In a couple of weeks Alex Song will be a distant memory for Arsenal. Sure, he was a lively spark for the Gunners on the pitch, but he wasn’t exactly irreplaceable either.
On Sunday, FC Barcelona announced the official £15 million transfer of Arsenal midfielder Song (via Twitter). According to ESPN, Song’s financial terms include a five-year length of contract with an £80 million buyout.
In the wake of Song’s departure, the Gunners are losing a fixture of their midfield over the past four years. While Song was consistently there, he wasn’t always productive. He played with a high energy that some might describe as recklessness and often left his team out to dry on defense.
He did exhibit sound technical ability in a general sense, but never truly stood out particularly in any one area.
Also, according to a report from the Mirror, he was beginning to upset manager Arsene Wenger to the point that he drove him to facilitate this transfer. Song was allegedly unmotivated and frequently late for team meetings.
Additionally, Wenger and the Gunners won’t lose any sleep over this move as they are honing in on Turkish midfielder Nuri Sahin. They’ve been pursuing Sahin for weeks and likely made the call to move Song once they felt comfortable with their chances of locking him in.
Reporting from ESPN indicates that the Gunners are close to locking in Sahin on a one-year loan as a stop-gap in their midfield.
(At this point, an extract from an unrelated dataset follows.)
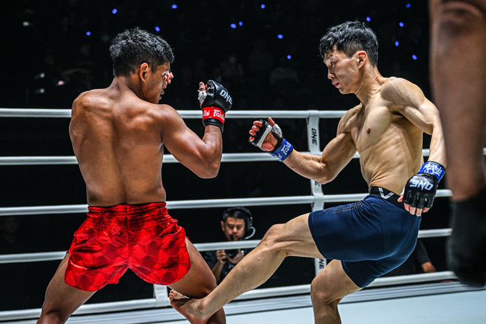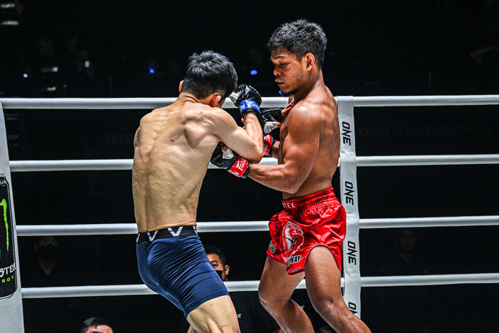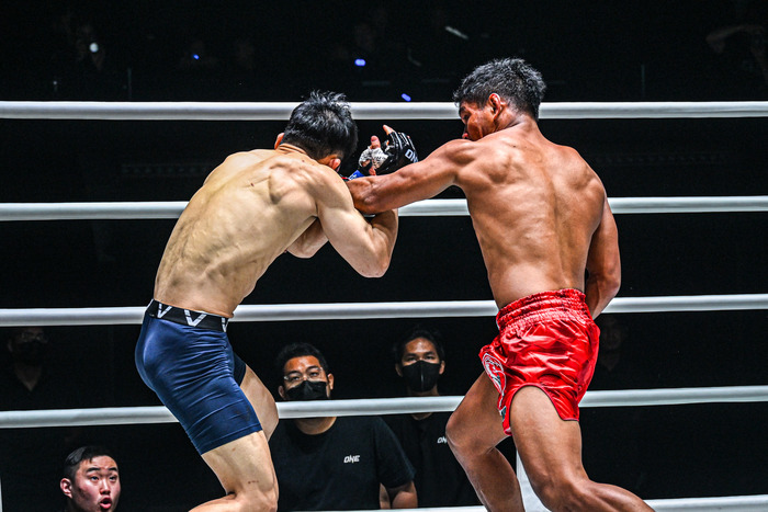 左フック、左アッパー、さらに左ヒザを効かせてミンジョンを崩すと、亀のミンジョンにヒザ! 立ち上がりを連打し、レフェリーが間に入った。ブーミナアンはONE6勝1敗。ミンジョンはONE5勝2敗に。

In the grand scheme of things, Song was more of a persona than he was an effective footballer. His utility was exceeded by the hassle of keeping him around which led to this split, although some of his assists came at key moments for the Gunners last season.
If Arsenal's opening match draw against Sunderland is a sign of things to come, they’ll need to find someone else who is capable of creating scores for their teammates in Song’s absence.
Barca, on the other hand, have overpaid for the persona of Song. He’ll more than likely play behind the already competent midfield they have in place at the Camp Nou.
Song’s departure shouldn’t cause panic, but you should approach the immediate future with a “wait and see” perspective.